Жоэля тоже реабилитировали, на пятьдесят лет позже, чем тебя. Справедливость непременно торжествует, если хоть кто-то в вас верит. Почувствовав, что Жоэль справился, ты собрал вещички и освободил кабинет. Сказал ему, что в твоем присутствии больше нет необходимости. Жоэль и все остальные дружно запротестовали, и ты еще пять лет «прогуливал» пенсию, работая за четверых в окружении хорошеньких секретарш и жадно внимавших твоим советам стажеров.
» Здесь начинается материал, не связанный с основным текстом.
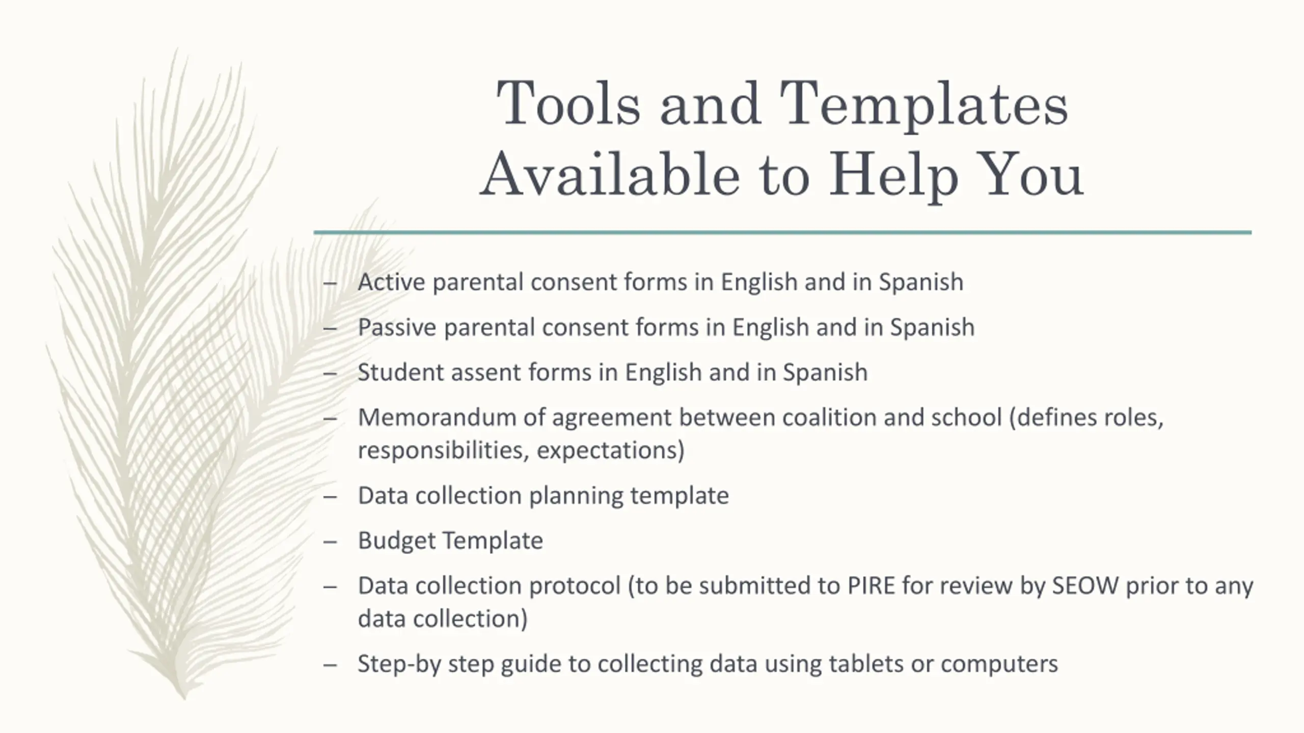 Tools and Templates Available to Help You Active parental consent forms in English and in Spanish Passive parental consent forms in English and in Spanish Student assent forms in English and in Spanish Memorandum of agreement between coalition and school (defines roles, responsibilities, expectations) Data collection planning template Budget Template Data collection protocol (to be submitted to PIRE for review by SEOW prior to any data collection) Step-by step guide to collecting data using tablets or computers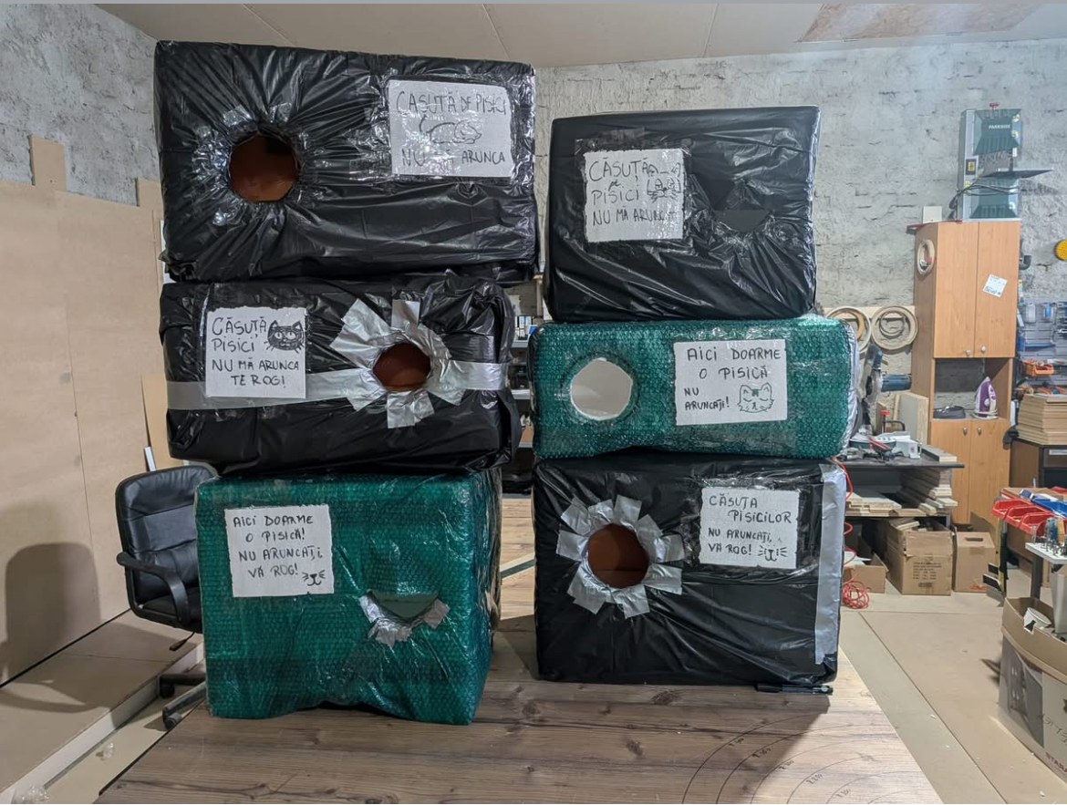 Voluntari din Cluj au construit și amplasat, în ultimele zile, mai multe căsuțe pentru animale fără stăpân, ca răspuns la temperaturile scăzute din această perioadă. În total, 21 de adăposturi au fost realizate și distribuite în diferite zone ale orașului, pentru a oferi protecție pisicilor de pe străzi.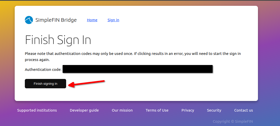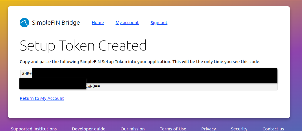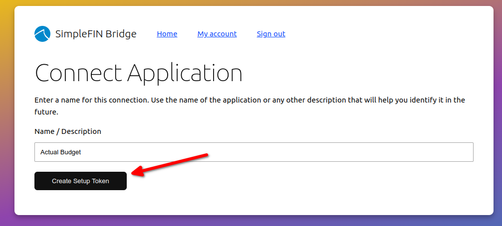 You will be asked to enter your SimpleFIN setup token. The keys from this value will be saved on the server, so you will only need to enter it once.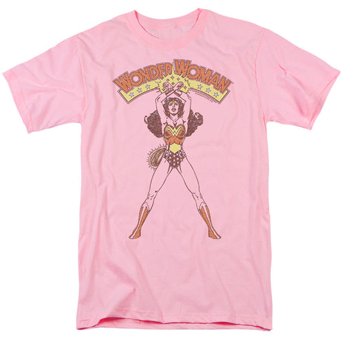 Wonder Woman Distressed Powerful Stance Mens T Shirt Pink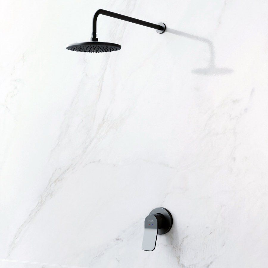 Душевой комплект включает верхний душ с диаметром 22 см и фиксированный излив, обеспечивающий один режим струи. Компоненты изготовлены из латуни, нержавеющей стали и прочного пластика для долговечности и надежности. Матовая поверхность придаёт изделию современный внешний вид и лёгкость в уходе. Установленные аэраторы и форсунки легко очищаются от известковых отложений — достаточно лёгкого нажатия пальцем. Стандартная подводка 1/2 обеспечивает совместимость с большинством систем водоснабжения.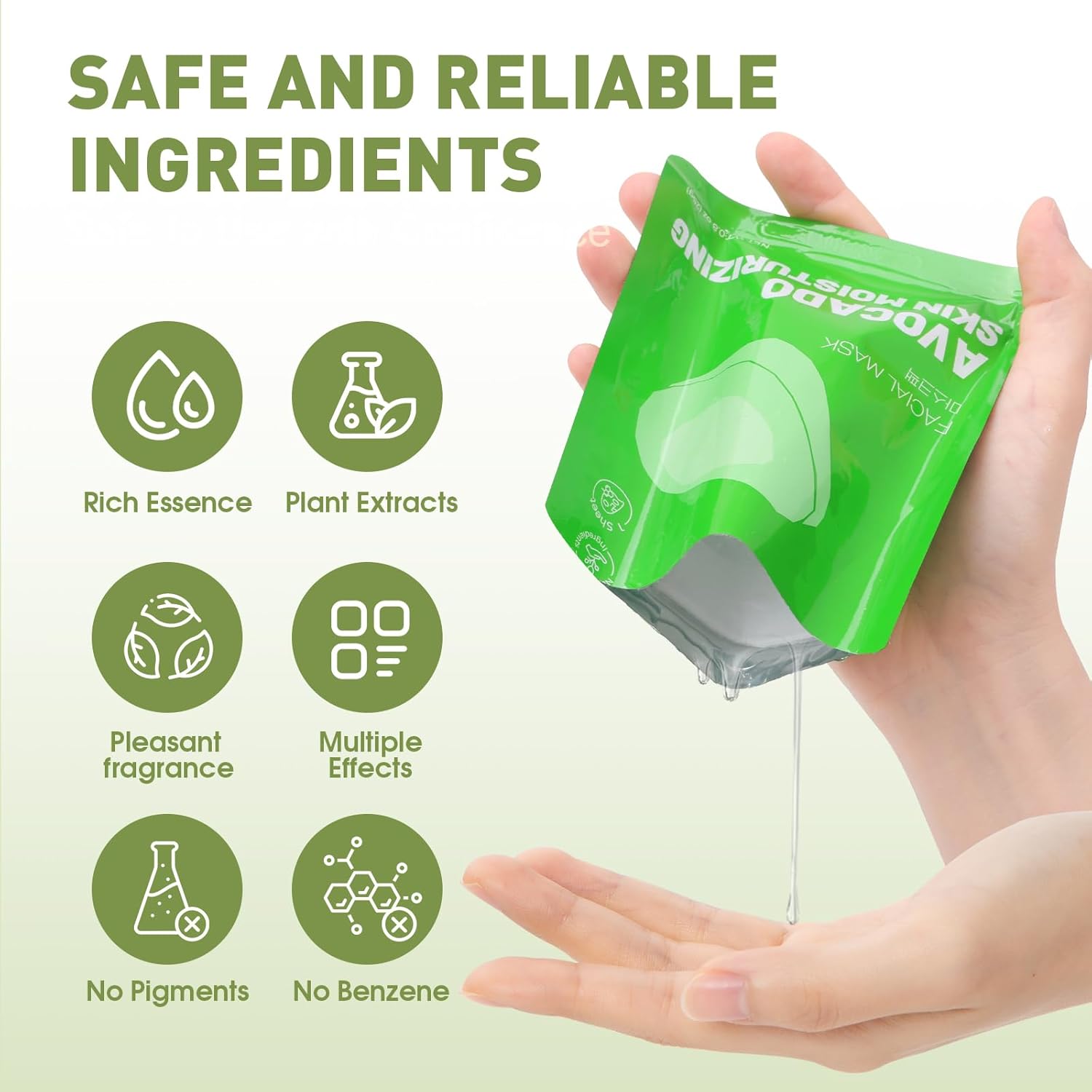 - 【48 Pack Hydrating Face Masks】Our face masks skincare includes a total of 12 types: collagen,seaweed,aloe,avocado,pearl,cucumber,grapefruit,lemon,honey,pomegranate,charcoal,and milk,4 pieces of each type of facial mask.Different facial masks target different skin problems,deeply hydrate,improve dryness,and make skin softer and smoother

Ты выиграл несколько безнадежных дел, заплатив за победу бессонными ночами, после чего вторично решил уйти на покой и посвятить все время семье и видеозаписывающей лаборатории. На сей раз все прошло как по маслу, но, к великому неудовольствию моей матери, ты продолжал загромождать обеденный стол папками. Делая вид, что ушел от активной жизни, ты всего лишь не вставал в семь утра, не клал в портфель завтрак и не садился в автобус, в остальном ничего не изменилось.

На поминках каждый хотел поделиться особо запомнившейся историей из твоей жизни, и мы с братьями и наша сестра были совершенно потрясены рассказом Жоэля. От тебя мы никогда об этом не слышали. Профессиональная этика — понятие святое. А уж дружба — тем более.

Ты много чем одарил меня в жизни, и одним из драгоценнейших подарков стали твои друзья. Удивляться тут нечему, ведь мы с тобой стали единым целым, преодолели пропасть между поколениями, и твои друзья стали моими. Вы считали верность, чувство долга, отвагу и умение мечтать главными ценностями, и я перенял это от тебя.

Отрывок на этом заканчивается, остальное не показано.